The data |
[Start of Attachment]

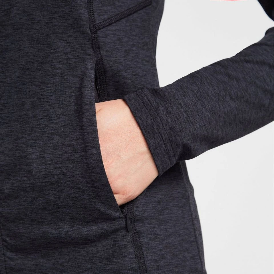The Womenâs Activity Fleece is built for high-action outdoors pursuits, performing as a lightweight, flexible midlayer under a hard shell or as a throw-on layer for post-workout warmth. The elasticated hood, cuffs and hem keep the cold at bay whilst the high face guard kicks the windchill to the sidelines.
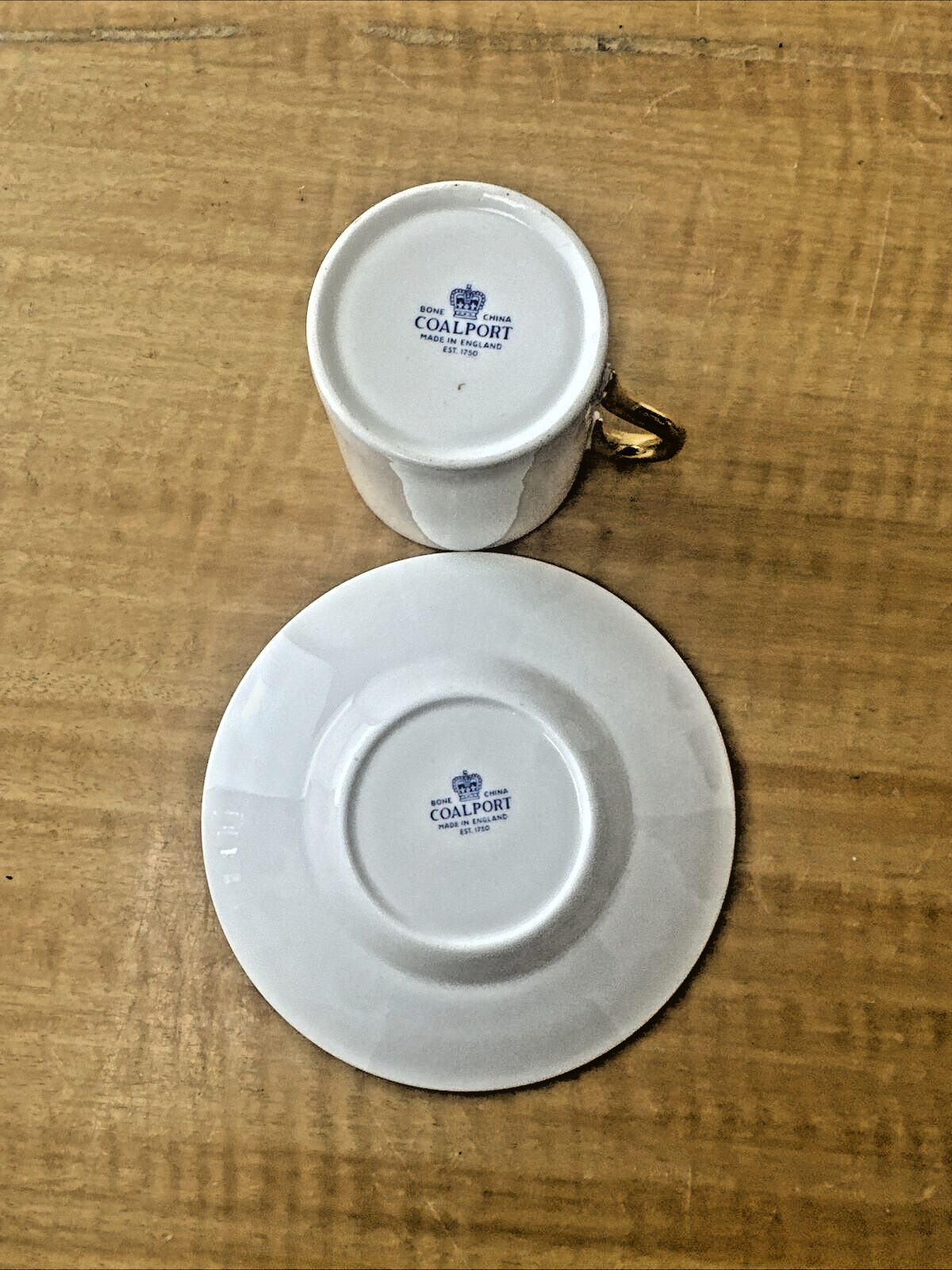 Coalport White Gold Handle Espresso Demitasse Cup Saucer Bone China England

[End of Attachment]
[Start of Attachment]

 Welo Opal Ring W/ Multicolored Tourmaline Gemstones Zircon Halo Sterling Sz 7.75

[End of Attachment]

Exercise aim | An exact transcription is needed of the lines from the one with "The Womenâs Activity" to the one with "Coalport White Gold" above, both ends included, with pictures left out.

Worked solution |
The Womenâs Activity Fleece is built for high-action outdoors pursuits, performing as a lightweight, flexible midlayer under a hard shell or as a throw-on layer for post-workout warmth. The elasticated hood, cuffs and hem keep the cold at bay whilst the high face guard kicks the windchill to the sidelines.
 Coalport White Gold Handle Espresso Demitasse Cup Saucer Bone China England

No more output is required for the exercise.